Legal

Privacy policy

Information pursuant to Art. 13 GDPR on the processing of personal data on this website.

1. Controller

Sebastian Rublewski
Spretistr. 33
81927 Munich
Germany
Email: captain@bitpanic.net

The controller within the meaning of the General Data Protection Regulation (GDPR) is the person named above.

2. Overview of processing

This personal portfolio website processes personal data only to the extent necessary to operate the site. It does not use advertising trackers, social-media plugins, or third-party analytics services (e.g. Google Analytics).
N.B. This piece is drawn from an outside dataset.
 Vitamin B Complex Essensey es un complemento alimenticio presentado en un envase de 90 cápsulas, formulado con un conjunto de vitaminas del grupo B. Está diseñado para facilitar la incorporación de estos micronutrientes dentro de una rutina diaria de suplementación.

  • Providing the website and server log files (hosting)
  • Self-hosted, privacy-friendly visitor statistics (no cookies for visitors)
  • Administration area (operator only, not accessible to visitors)

3. Hosting

This website is hosted by All-Inkl.com — Neue Medien Münnich (Germany). When you access the site, the host automatically records server log files, including e.g. IP address, date and time of the request, URL accessed, browser type, and operating system.
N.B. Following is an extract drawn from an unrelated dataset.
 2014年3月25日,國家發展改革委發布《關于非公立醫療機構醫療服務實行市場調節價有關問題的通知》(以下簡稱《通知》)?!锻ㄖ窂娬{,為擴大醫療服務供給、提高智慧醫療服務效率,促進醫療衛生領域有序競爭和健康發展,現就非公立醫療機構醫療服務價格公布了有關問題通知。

Legal basis: Art. 6 (1) (f) GDPR (legitimate interest in secure and stable provision of the website). Log files are retained and deleted according to the host's policies.
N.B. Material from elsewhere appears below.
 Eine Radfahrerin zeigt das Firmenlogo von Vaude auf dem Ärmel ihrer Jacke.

More information: All-Inkl privacy information (German).

4. Own visitor statistics

To understand which pages are used, this website collects lightweight visitor statistics. No cookies are set for normal visitors, and full IP addresses are not stored.

Data collected

  • Page path visited (e.g. /wiki.php or /article.php?slug=…)
  • External referrer (source page), if any
  • Time of the visit
  • A daily pseudonymous visitor hash (derived from IP address, user agent, and a daily salt — not traceable across days)
  • Whether the visit is likely from a bot

Purpose and legal basis

The purpose is to understand how this personal website is used (e.g. which projects and articles are read) so content can be maintained sensibly. Legal basis: Art. 6 (1) (f) GDPR (legitimate interest). The interest in a privacy-friendly, self-hosted statistic without third parties outweighs the limited privacy impact, as individuals are not permanently identified.

Retention

Statistics entries are automatically deleted after 90 days.

Technical implementation

PHP pages are recorded server-side (includes/track.php). Static demo pages send a minimal visit signal to /t.php (via sendBeacon), which also transmits only the page path and referrer — no image data or demo content.

5. Cookies

The public area of this website sets no tracking cookies for visitors.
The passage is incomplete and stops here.